__Task requirements__
Leaving the pictures aside, restate all of the data exactly.

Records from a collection

Start of Block

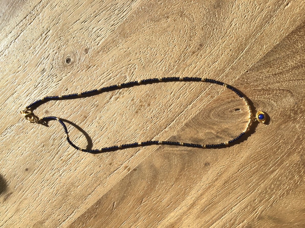 Per la collana piccola, tagliate un filo di 50 cm. Se hai un collo largo, usa più filo. Provatelo intorno al collo prima di tagliarlo. Avete bisogno di almeno 15 cm in più per la finitura. Infilare 1 crush bead, 1 parafilo, passare l'anello chiuso e far passare il filo di nuovo attraverso il crush bead.
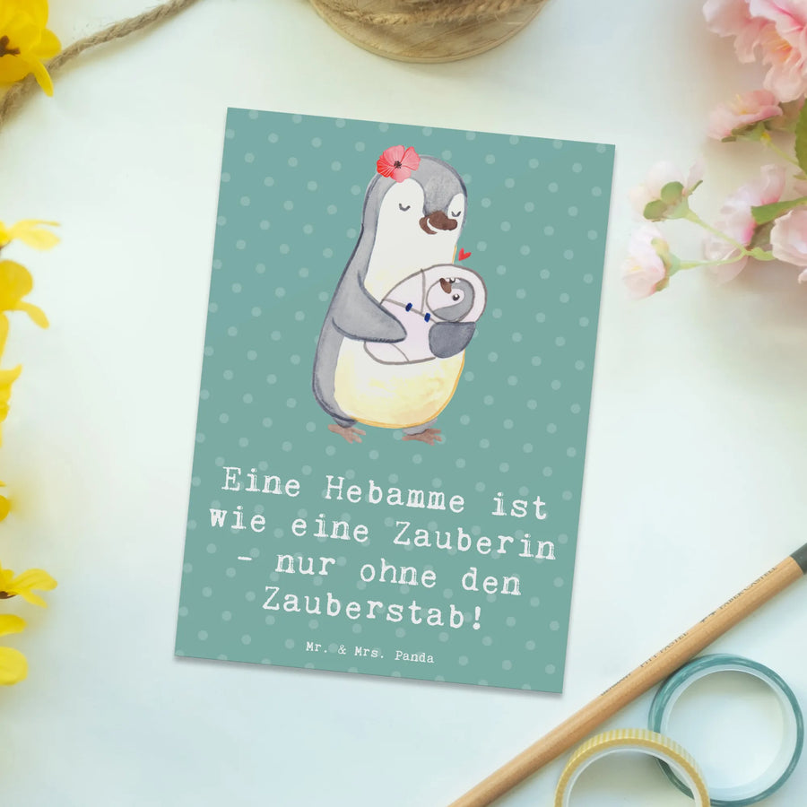 Entdecke die bezaubernde Postkarte "Eine Hebamme ist wie eine Zauberin - nur ohne den Zauberstab!" aus der Kollektion Berufe von Mr. & Mrs. Panda!
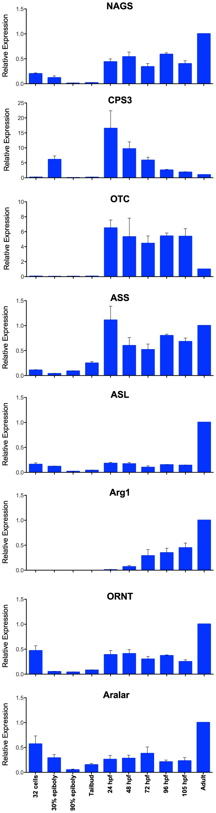 Relative expression of urea cycle genes in developing zebrafish. mRNA levels were measured at nine developmental stages: 32 cells, 30% epiboly (4.6 hpf), 90% epiboly (9 hpf), tailbud (10 hpf), 24 hpf, 48 hpf, 72 hpf, 96 hpf, 105 hpf, and normalized to the abundance of each mRNA in adult zebrafish. The scales of y-axes differ due to different expression patterns of zebrafish urea cycle genes.
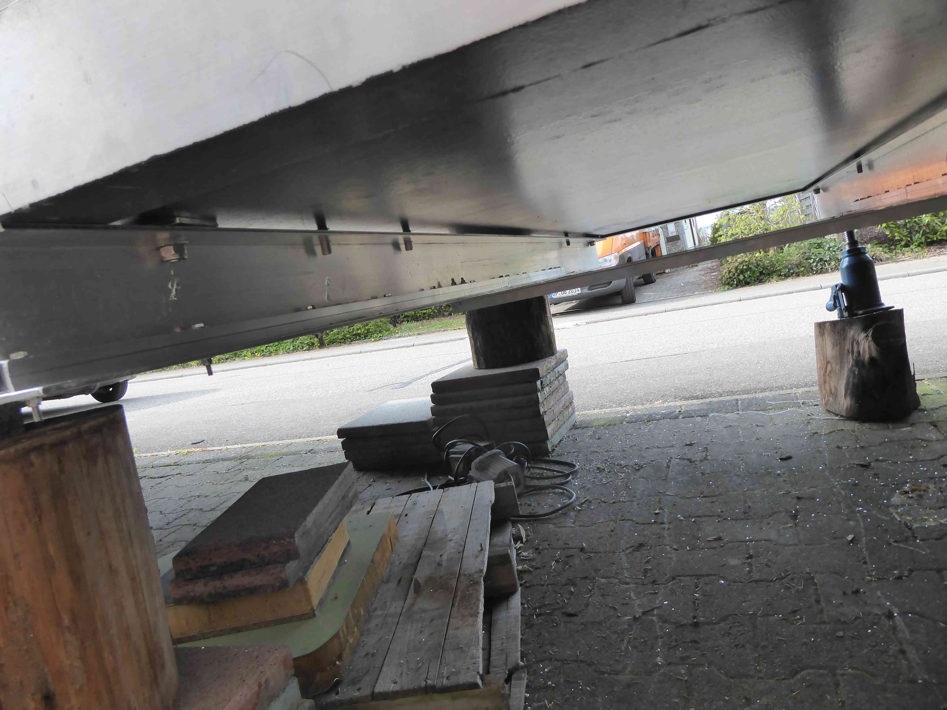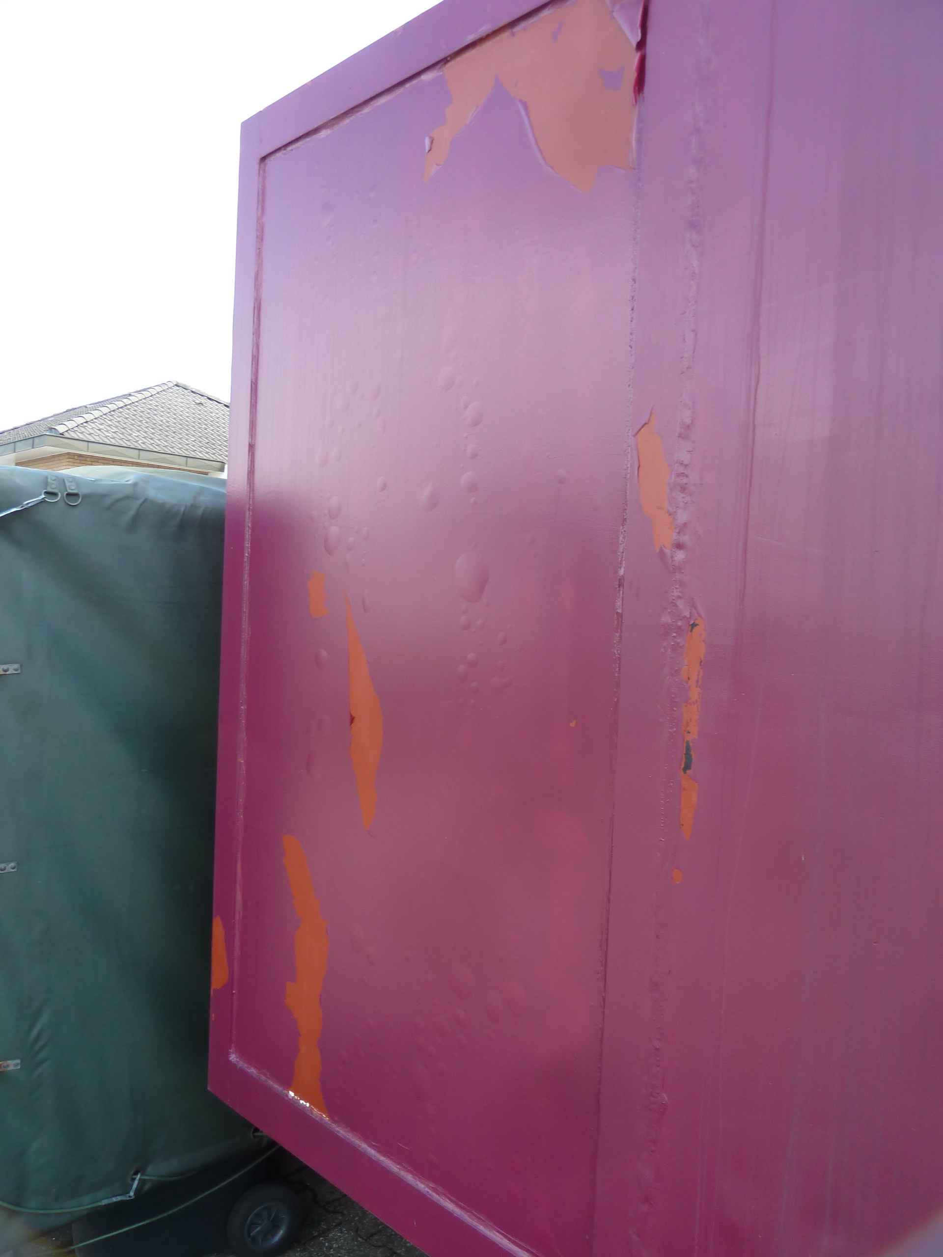 Ein weiterer Rückschlag kam im Laufe des März zum Vorschein: die Farbe des Anbaus, liebevoll von der Marion aufgebracht, löst sich ab, wie wenn es eine mit Wasser befestigte Folie wäre. Wir haben keinen Plan warum dies passiert, vorallem da wir mit der passenden Grundierung vorgearbeitet haben und diese auch korrekt haftet. Daher leider nochmal alles abschleifen und nochmal probieren.
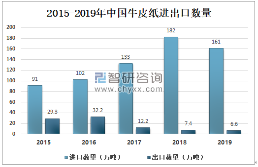 數據來源:智研咨詢整理 現在很多包裝材料都是使用牛皮紙,牛皮紙成為了商業包裝的必需品。我國進口牛皮紙數量遠大于出口,2019年中國牛皮紙進口數量為161萬噸,出口數量僅6.6萬噸。 2015-2019年中國牛皮紙進出口數量
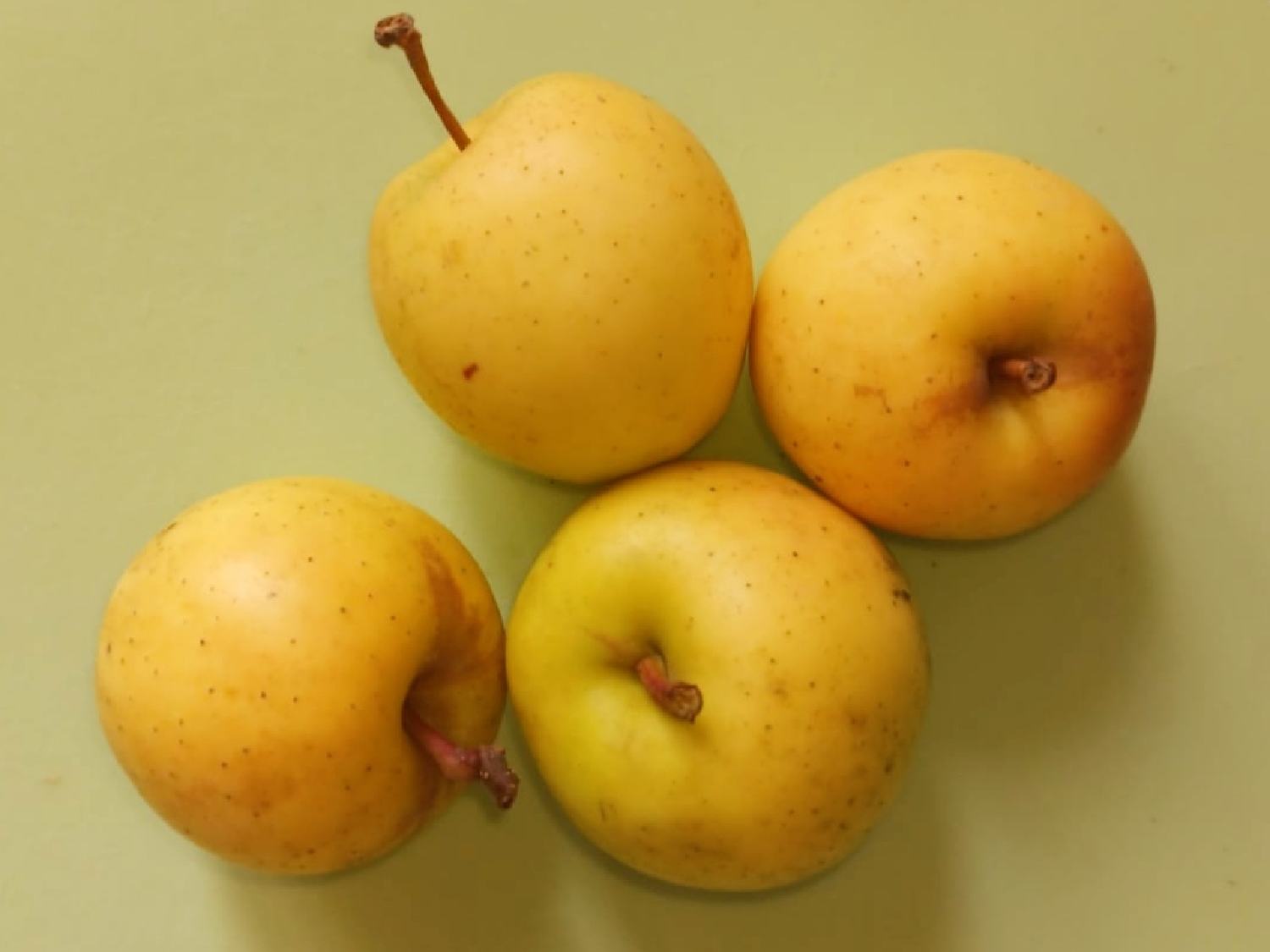 Про Гринсливз всё верно, вкусом больше напоминает второго родителя - Джеймс Грив. Чисто осенний сорт, быстро теряет качество мякоти даже при хранении в холодильнике. Яблоки с дерева намного лучше, могут долго висеть на ветках не осыпаясь и не перезревая. А о родословной Изумруда неизвестно практически ничего. Информации нет даже на сайте оригинатора - киевского питомника Шони. Вполне вероятно, что Голдена там нет вообще. Это может быть сеянец какого-нибудь зеленоплодного сорта типа Симиренко или Гренни Смит.

End of Block

__Solution to this exercise__
 Per la collana piccola, tagliate un filo di 50 cm. Se hai un collo largo, usa più filo. Provatelo intorno al collo prima di tagliarlo. Avete bisogno di almeno 15 cm in più per la finitura. Infilare 1 crush bead, 1 parafilo, passare l'anello chiuso e far passare il filo di nuovo attraverso il crush bead.
 Entdecke die bezaubernde Postkarte "Eine Hebamme ist wie eine Zauberin - nur ohne den Zauberstab!" aus der Kollektion Berufe von Mr. & Mrs. Panda!
 Relative expression of urea cycle genes in developing zebrafish. mRNA levels were measured at nine developmental stages: 32 cells, 30% epiboly (4.6 hpf), 90% epiboly (9 hpf), tailbud (10 hpf), 24 hpf, 48 hpf, 72 hpf, 96 hpf, 105 hpf, and normalized to the abundance of each mRNA in adult zebrafish. The scales of y-axes differ due to different expression patterns of zebrafish urea cycle genes.
 Ein weiterer Rückschlag kam im Laufe des März zum Vorschein: die Farbe des Anbaus, liebevoll von der Marion aufgebracht, löst sich ab, wie wenn es eine mit Wasser befestigte Folie wäre. Wir haben keinen Plan warum dies passiert, vorallem da wir mit der passenden Grundierung vorgearbeitet haben und diese auch korrekt haftet. Daher leider nochmal alles abschleifen und nochmal probieren.
 數據來源:智研咨詢整理 現在很多包裝材料都是使用牛皮紙,牛皮紙成為了商業包裝的必需品。我國進口牛皮紙數量遠大于出口,2019年中國牛皮紙進口數量為161萬噸,出口數量僅6.6萬噸。 2015-2019年中國牛皮紙進出口數量
 Про Гринсливз всё верно, вкусом больше напоминает второго родителя - Джеймс Грив. Чисто осенний сорт, быстро теряет качество мякоти даже при хранении в холодильнике. Яблоки с дерева намного лучше, могут долго висеть на ветках не осыпаясь и не перезревая. А о родословной Изумруда неизвестно практически ничего. Информации нет даже на сайте оригинатора - киевского питомника Шони. Вполне вероятно, что Голдена там нет вообще. Это может быть сеянец какого-нибудь зеленоплодного сорта типа Симиренко или Гренни Смит.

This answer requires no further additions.